Durante le vacanze di Natale e Pasqua, noi pochi studenti Ponzesi ci riunivamo a casa di Emanuele Vittorio, non il re d’Italia, ma quello che diventerà poi dentista, figlio di Civita Migliaccio, a Sant’Antonio.

Si ballava, si giocava a carte, insomma si trascorrevano le vacanze alla meno peggio. Soldi? Nemmeno a parlarne.
Ogni tanto (spesso), ci procuravamo ‘il mangereccio’ per passare la serata.
‘Il mangereccio’ consisteva in conigli e polli.

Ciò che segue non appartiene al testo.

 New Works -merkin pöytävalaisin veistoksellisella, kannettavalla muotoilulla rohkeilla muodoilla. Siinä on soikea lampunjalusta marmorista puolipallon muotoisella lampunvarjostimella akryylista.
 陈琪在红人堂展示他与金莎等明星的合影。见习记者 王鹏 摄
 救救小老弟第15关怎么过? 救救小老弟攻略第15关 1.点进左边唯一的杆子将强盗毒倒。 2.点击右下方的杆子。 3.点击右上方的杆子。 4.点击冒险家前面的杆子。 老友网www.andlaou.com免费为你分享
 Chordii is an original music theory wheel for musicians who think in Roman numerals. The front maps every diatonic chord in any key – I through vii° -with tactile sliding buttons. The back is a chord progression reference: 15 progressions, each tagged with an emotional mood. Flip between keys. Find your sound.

Le famiglie ponzesi avevano la consuetudine di allevare polli e conigli.

Pinuccio di sopra Giancos un giorno ci disse che vicino casa sua c’era una grotta piena di conigli.

Immediatamente il piano: Pinuccio dirigeva e guardava, Titino era il levriere, l’esecutore.
La sera, come pianificato avvenne il prelievo. Due grossi conigli.
Da sopra Giancos, furono portati al piazzale vicino la spiaggia, dove erano a secco alcune barche.

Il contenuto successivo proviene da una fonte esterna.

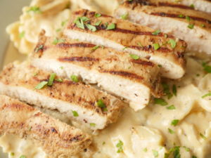 -Sprinkle tuscan seasoning on both sides of chicken fillets & rub evenly (reserve 1 tbs for later use).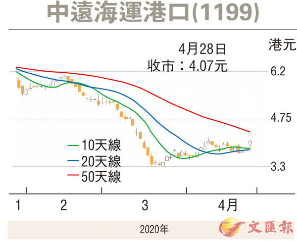 此外,截至今年3月底止,中遠海運港口首季營業額2.21億美元,按年跌11%。純利9,188.7萬元,按年升84.1%;每股盈利2.91仙。受新冠肺炎疫情影響,全球經濟已受到嚴重衝擊,集團首季純利仍錄得顯著升幅,已算有所交代。該股往績市盈率5.32倍,在同業中仍處於偏低水平,而股息率達7.49厘,論回報亦不俗。趁股價未發力跟進,上望目標為100天線的4.96元(港元,下同),惟失守近1個月低位支持的3.5元則止蝕。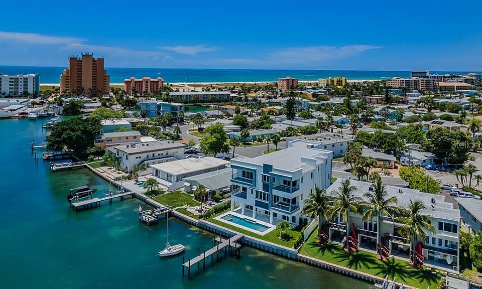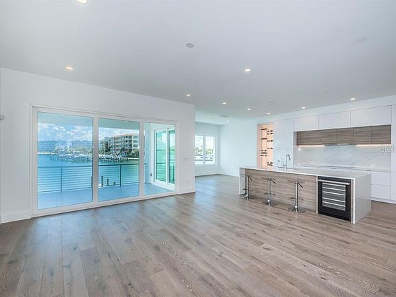 One or more photo(s) has been virtually staged. BRAND NEW LUXURY WATERFRONT CONSTRUCTION LOCATED JUST A FEW MINUTES WALK FROM THE POWDER SOFT SANDS OF TREASURE ISLAND BEACH! You'll love this fabulous coastal modern luxury waterfront home. With an impressive 10 bedrooms, 8 full baths and 2 ½ baths and many, many exceptional features, this is quite likely the best new construction waterfront value on the market today! Elegant porcelain and engineered hardwood floors are richly finished in a wonderful driftwood style. The grand waterfront great room opens to a terrific covered balcony overlooking a wide bay. Plush, state-of-the-art kitchens boasts gorgeous quartz surfaces, elegant Jenn-Air stainless steel appliances, extensive cabinetry, center island breakfast bar with beverage chiller - all finished with a lavish Euro-style minimalist appeal. Beautiful water views are enhanced by the splendid indoor-outdoor dining experience offered by this amazing home. Each 1st living level also includes a guest bedroom suite and a large media room/office with private balcony. The brilliant upper level owner's suites opens to a private covered balcony with breathtaking intracoastal waterviews that stretch more than a mile wide. Luxurious owner's baths are a pampered treasure - unique water views and masterful floor-to-ceiling tilework support a fine soaking tub, walk-in glass shower enclosure, dual vanities with quartz counters, a private water closet and a superb walk-in closet with fine closet system and center island dresser. All bedrooms are well-finished and all baths, gracefully appointed. You'll appreciate the 3-stop elevator, full service "bedroom level" laundry room and epoxy floor garage. A huge multi-purpose, lower level fitness/game area opens to a superb covered deck with exquisite paver tilework and a dazzling Pebbletec pool with 2 sunshelves. Updated seawall supports a newer composite dock that provides rapid access to the Gulf of Mexico. A terrific value and exceptional waterfront residence located close to fine dining, shopping and entertainment. 'The room and area dimensions are approximations. Buyer to verify.''The room and area dimensions are approximations. Buyer to verify.'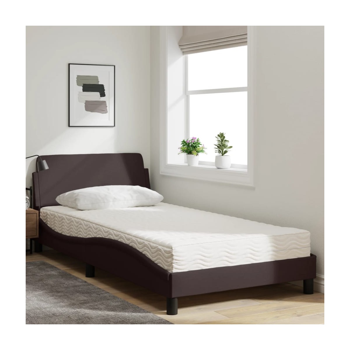 ¡Consigue tener un sueño más reparador en esta cama con colchón! Es un aporte acogedor para cualquier dormitorio. Material de primera calidad: La tela posee un aspecto sencillo y limpio, y es transpirable y duradera.Listones robustos: Los listones de madera contrachapada proporcionan una buena distribución del peso, lo que garantiza que el colchón se mantenga en tu sitio con cada giro y vuelta del cuerpo mientras duermes.Excelente apoyo: El cabecero de la cama te proporciona un excelente apoyo para la espalda mientras estás sentado en la cama para leer o ver la televisión.Colchón de espuma: Este colchón de cama de tela de 3 capas está relleno de espuma de PU 22D para ofrecer un confort óptimo. Alivia el cansancio y favorece la circulación sanguínea, con el fin de ofrecerte una relajación completa y una buena calidad de sueño. Además, el colchón está disponible en dureza H2 y H3, por lo que solo tienes que girarlo para elegir la dureza que más te convenga.Diseño lateral ondulado: El look ondulado de la estructura de la cama es elegante y sofisticado, agregando un toque moderno y elegante a tu decoración, convirtiéndolo en el foco de atención de tu dormitorio.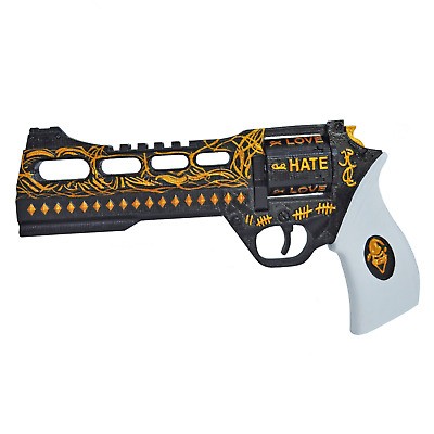 Harley Quinn style revolver gun prop from Suicide Squad. Made of PLA plastic, hand painted with acrylic paint and has a satin/glossy finish.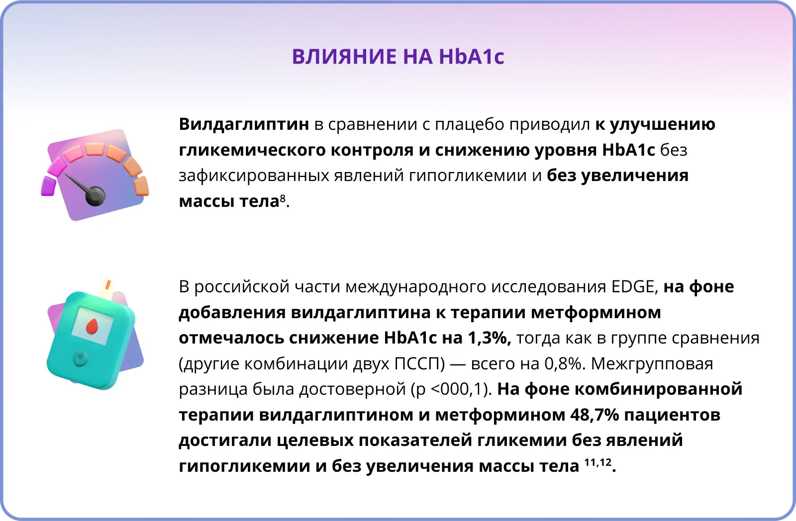А это работает? Эффективность вилдаглиптина и комбинации вилдаглиптин + метформин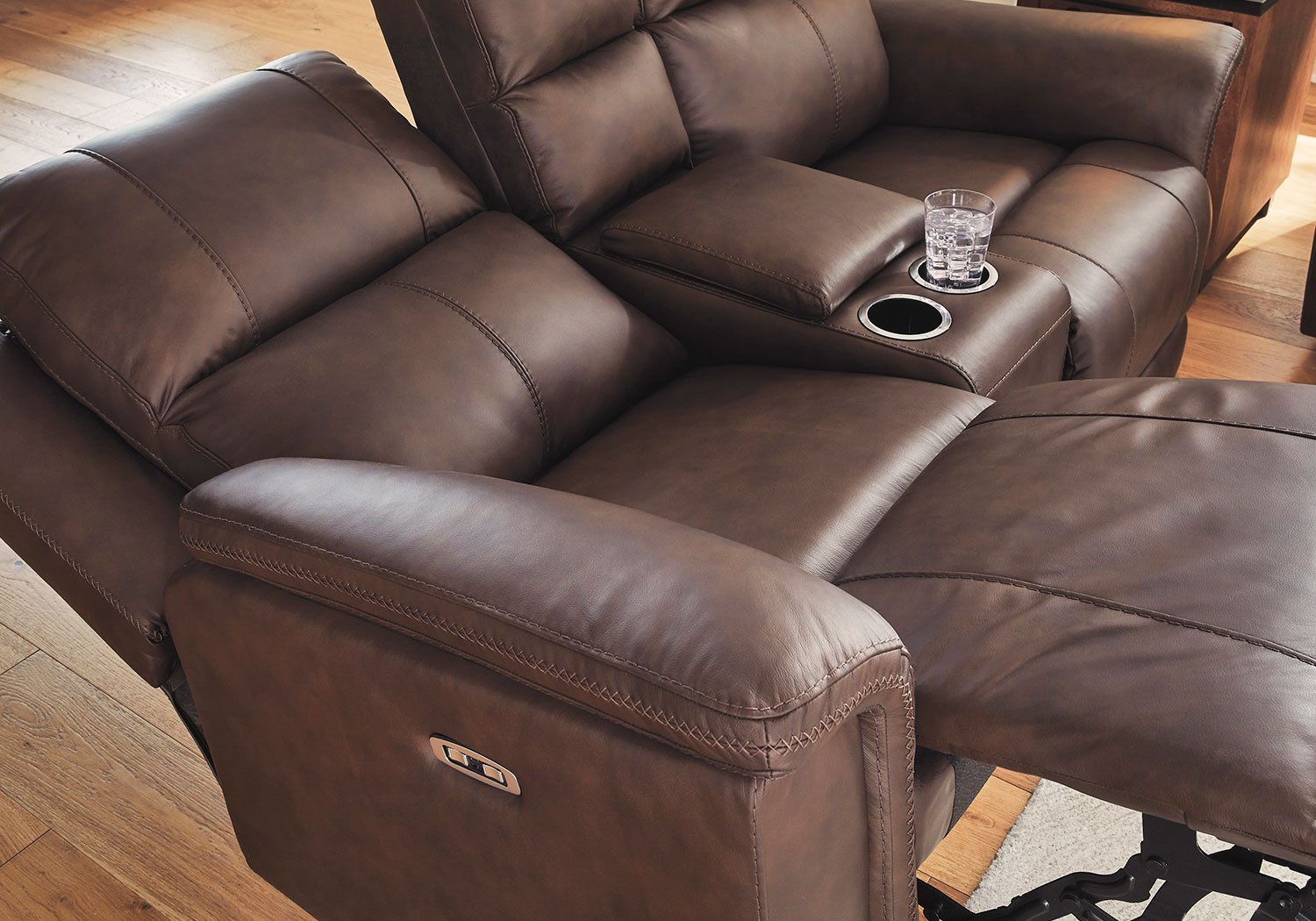 Bleckley Espresso Power Reclining Love Seat Console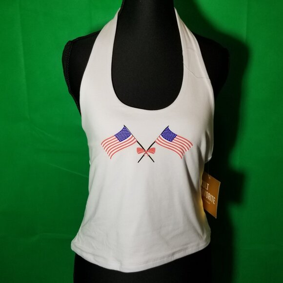 Cult Favorite White Halter Top Low Back Tank Size Large 4th of July Summer NWT

Assicurarono i conigli nelle barche, e vennero a Sant’ Antonio, a casa di Emanuele, in modo che tutti insieme potevano andare a prenderli e portarli a casa, dove Gavino avrebbe provveduto al resto: pulizia e cottura.

Ricordo che avevo un impermeabile sottile di color marroncino… quelli tipo uso e getta.
Arrivati a Giancos e presi i conigli, non avevamo però dove metterli; così si pensò di darli a me che, mettendo le mani nelle tasche finte, potevo reggere i conigli e nasconderli sotto l’impermeabile.
Così fu. Camminavo e intanto con le due mani reggevo i due conigli…

Arrivati all’altezza della vecchia farmacia di Don Mario, questi uscì con il suo camice bianco e con le lenti sul naso, ci guardava per riconoscere qualcuno a cui affidare una lettera da imbucare.

Abitavamo vicino, mi riconobbe, e mi chiese: – Michele, dove vai in piazza?
Io: – Sì Don Ma’, vado in piazza.
– Fammi la cortesia imbucami questa lettera.

Sfido chiunque a prendere la busta avendo le mani impegnate sotto l’impermeabile…
Gli amici erano scomparsi tutti..!

Io: – Don Ma’ mettetemela sotto al braccio.

Ero là, fermo diritto impalato e don Mario con la mano tesa con la busta.
Attimi di terrore…

Titino, furbo, capì per primo la situazione ed immediatamente accorse, prese la busta e mi tolse dai guai.

Consumammo i conigli e come digestivo la passeggiata in piazza per imbucare la lettera di don Mario.

 

La Pasqua successiva, come al solito avevamo il problema di dove prelevare ‘il mangereccio’.
Pinuccio, ci sconsigliò di ‘andare’ sopra Giancos, perché la domenica delle Palme era stato ‘prelevato’ un gallo da un pollaio e tutti erano allerta.
La sfortunata si lamentava e raccontava l’accaduto alle vicine.
La vittima di Natale rispose: – Filomè’, nun te lamenta’… E c’aggia dice ie? …A Natale a mme s’ann pigliate doie cuneglie prene, e saccio pure chi ‘i ttene ’nd’a ‘rotta!